In a simpler approach, Theorell, Meyer and Sievers proposed to subdivide the membrane potential into three serial contributions, two phase boundary potentials and a membrane internal diffusion potential [8, 9]. It is now established that the importance of the diffusion potential was overestimated in the early days of ion-selective electrodes, predominantly because the ion-exchange properties of the membrane materials was not yet recognized. Indeed, early liquid membrane ISEs often consisted of ionophore and organic solvent or matrix alone [10], and the diffusion potential was often, but not exclusively, used to explain the Nernstian response of the electrodes [11]. It was only later that the importance of ionic impurities in these systems was fully appreciated. Once these were eliminated by purification steps, the Nernstian response was found to disappear as well [12], consistent with the phase boundary potential model and early liquid-liquid potentiometry experiments by Karpfen and Randles [13]. Modern potentiometric sensors based on polymer membranes always exhibit well defined ion-exchange properties, and the response may in many cases be quantitatively described by the phase boundary potential (also called Galvani potential) between the aqueous sample and membrane phases [14]. The model may be regarded as a special but important case of the Theorell-Meyer-Sievers approach, and has henceforth been called the phase boundary potential model.
In recent years, polymer membrane ISE theory has been greatly advanced on the basis of the phase boundary potential model, see a recent review [15]. In particular, it has been used to predict optimal membrane compositions of neutral ionophore-based ISEs [16, 17], to understand electrolyte co-extraction processes [18], the effect of added cation and anion-exchangers to membranes containing electrically charged ionophores [19] and apparently non-Nernstian slopes arising from the interaction of an additional co-ion with the membrane [20]. The phase boundary potential was also used to describe how ISEs respond in mixed ion solutions [21, 22], which is of particular importance when interference is by ion-exchange and involves an interfering ion of different valency.
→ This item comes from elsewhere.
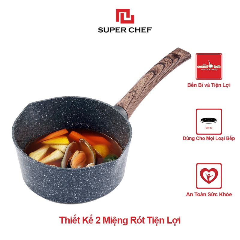 Nhà cửa & Đời sống > Dụng cụ nhà bếp > Nồi || [Mã BMBAU50 giảm 7% đơn 99K] Nồi Cán Dài/ Quánh Vân Đá Super Chef Dày 4mm Siêu Bền Bỉ, Tiện Lợi (16-18-20)Còn hàng

It allows one to relate the selectivity coefficient to underlying thermodynamic parameters including complex formation constants and forms the basis for a variety of methods to determine such complex formation constants [23–25]. More recently, it was also used very effectively as the basis to describe steady-state transmembrane ion fluxes that are relevant to understanding the dynamic low detection limit of these sensors [26, 27]. These approaches were subsequently extended with numerical approximations describing the time response of these important electrodes [28].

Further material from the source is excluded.